Sorry, I meant "moving kn_hook and kn_hookid". Something like:

kn_status
kn_influx
kn_sdata
kn_sfflags
kn_hookid
kn_hook

In D8898#184392, @markj wrote:
In D8898#184339, @kib wrote:

Also, callers of knote() do not expect the function to sleep. It might be that fork() could be teached that knote_fork() call might sleep, but it would make the operation of process creation depended on the potentially unbound sleep of kqueue consumers.

Ok. I don't see what modifications to fork() would be needed though - all locks are dropped while calling knote_fork(), if I'm not mistaken.

In the normal circumstances, the new child is not made runnable until knotes fire. The kqueue_register() call to register automatic notes for the children in knote_fork() is made in non-sleepable mode (the waitok argument is 0). In other words, the code makes some efforts right now to avoid unbounded sleep before finishing fork and making the child runnable. This is not directly tied to locking constraints.

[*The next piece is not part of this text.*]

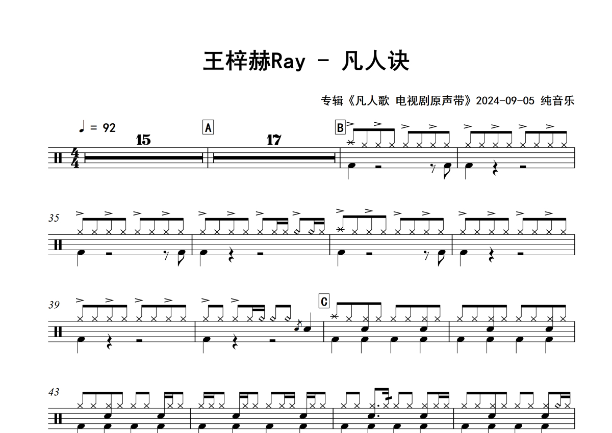 《凡人诀》是王梓赫Ray演唱的一首歌曲,专辑版,拍号为4/4拍,歌曲速度为每分钟92拍,这份架子鼓谱共有三张高清图谱,图谱由 @Sawubona 编配上传,图谱使用五线谱编配,使用这份凡人诀架子鼓谱,你将能够轻松地敲打出这首王梓赫Ray的凡人诀,快来尝试吧。
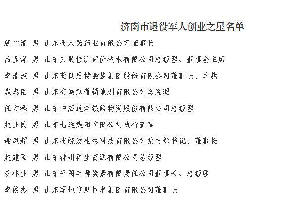 裴樹清等10名同志為濟南市退役軍人創(chuàng)業(yè)之星

Might be it is not too problematic to start sleeping in knote_fork(), but it definitely avoided right now. I see some logic in this.

sys/sys/event.h
226 ↗(On Diff #23236)

I moved kn_hook and kn_hookid after kn_kevent. With this change, sizeof(struct knote) did not changed and is still 128.

kib edited edge metadata.

Reword the in-flux comment according to Mark recommendations.

Rearrange struct knote so that its size did not changed.

This revision now requires review to proceed.Dec 26 2016, 9:41 AM
markj edited edge metadata.
markj added inline comments.
sys/sys/event.h
226 ↗(On Diff #23236)

Thanks.

This revision is now accepted and ready to land.Dec 26 2016, 5:58 PM
This revision was automatically updated to reflect the committed changes.